Partita finita? Macché questa squadra non molla mai. Al 93’ su uno splendido cross di Hernanes, in grande crescita, arriva la zuccata di Kozak che regala un pareggio che vale doppio. Da analizzare la performance del ceco, che in campionato stenta ma che in Europa League ha una media goal impressionante.  Kozak ha infatti segnato 7 reti pur non partendo sempre da titolare in Europa. Addirittura, il bistrattato Libor è il capocannoniere della competizione in compagnia di giocatori ben più quotati come  Eto’o, Cavani e Palacio. Questa doppietta, che potrebbe aprire le porte del prossimo turno alla Lazio, danno fiducia e morale al ceco che potrebbe tornare utile anche in campionato.

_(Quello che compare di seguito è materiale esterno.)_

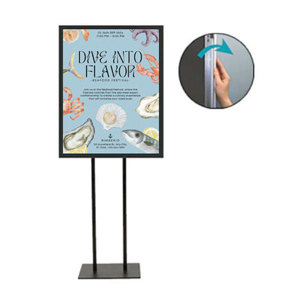 Displaying your 17x23 poster, sign or graphic makes the double pole floor stand a snap to use when it comes to updating your printed insert. It features quick changing, 17x23 snap frames.

Chi è già molto utile è Sergio Floccari che ormai non si ferma più, per lui 4° goal nelle ultime 4 partite disputate. Adesso la Lazio deve recuperare le energie per la sfida di lunedì contro il Siena perchè Petkovic vuole centrare tutti e tre i traguardi: la Coppa Italia, l’Europa League e la qualificazione in Champions, obiettivo ambizioso ma con questa squadra non impossibile.